Reports leaked out that the Minister was being treated for a drug overdose. This was never denied. Some, including former President Coleiro Preca, were outraged. “Shameful lack of ethics and empathy in trying to sensationalise the grief that this woman, mother and political person is going through” she denounced. “We have crossed the line” she added.
Labour Party President Ramona Attard chimed in: “This woman has gone through difficult times, I respect the privacy of the individual… there is a line that should never be crossed”.
The very next day, Minister Caruana returned to work uploading a photo of herself: “Back in office, thanks for the support”. It had been mere hours since she was hospitalised, allegedly for an overdose.

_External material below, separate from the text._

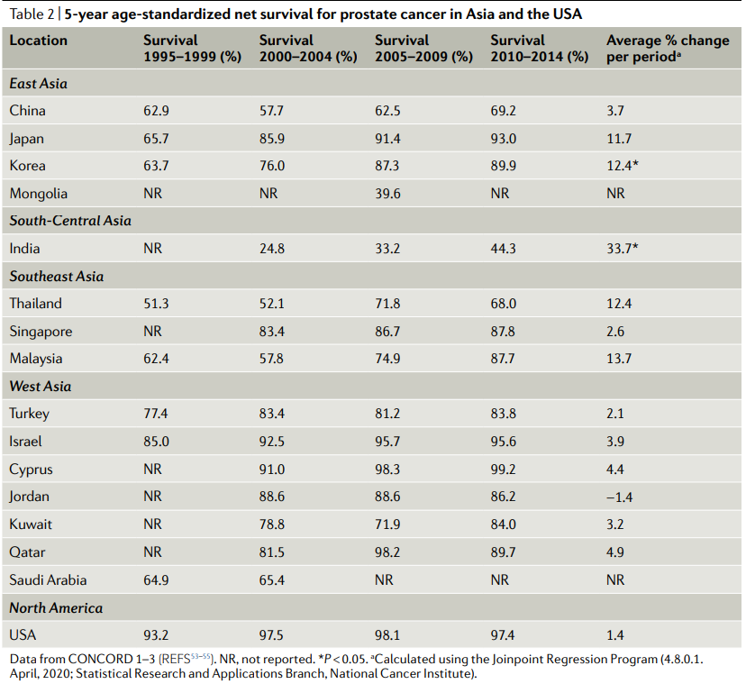 Table2:亚洲和美国前列腺癌5年标准化净生存率

The Minister’s worrying saga raises several concerns. Should a pilot, bus driver or doctor on medication unwell enough to be admitted to hospital return to work a few hours after an overdose? Why is publication of their names, personal details and medical issues acceptable? The simple answer is that the interests of the public override the personal right to privacy of such individuals.
The role of Ministers in public office is no less taxing, stressful or demanding than a pilot’s, a bus driver’s or a doctor’s. The public they serve has every right to know that Ministers are fit to serve and competent to make decisions.
Nobody would climb onto a plane whose pilot was discharged from hospital after an overdose hours before. Who would put his children onto the school bus whose driver had been previously treated for an overdose? Coleiro Preca’s outrage about the release of information is misguided. So is Ramona Attard’s.
When former prime minister Alfred Sant was suffering from colon cancer and required treatment the public had a right to know. Sant did the right thing. He was transparent and informed the nation of his health issues. Regular updates with explicit details of his surgery were provided. Didn’t Sant have a right to privacy, too? Were the hospital authorities crossing the line, as Coleiro Preca put it, when they showed us the gory images of how his colonic tumour was excised by his surgeon Anthony Zammit? No.
Caruana’s health issues are of keen public interest, especially to teachers and students at this disruptive time. Her precipitous return to work is deeply worrying. Nobody should be ‘back in office’ hours after hospitalisation – particularly a Minister, making crucial decisions.
Her return raises serious concerns about her insight. As Ramona Attard pointed out, “this woman has gone through difficult times in the last few months”. Caruana’s judgement has long been suspect. Her latest actions leave no doubt.
Her decision to return to work is not smart – it puts the public and her own health at risk. If a driver is back at work, hours after overdosing, he faces jail. The minister, however, is lauded. Struggling with the pressures of office and personal circumstances, she is making the wrong calls.
The prime minister has two pressing duties. The duty to protect the public from decisions taken by a potentially unfit minister. But also the duty of care towards his minister. If revelations about the Minister’s hospital admission are correct, a few hours of ‘observation’ won’t suffice.
As doctors we are taught that delaying help for a colleague in trouble with such issues can be fatal – and for more than just the single colleague. We have a duty of candour. So does the prime minister.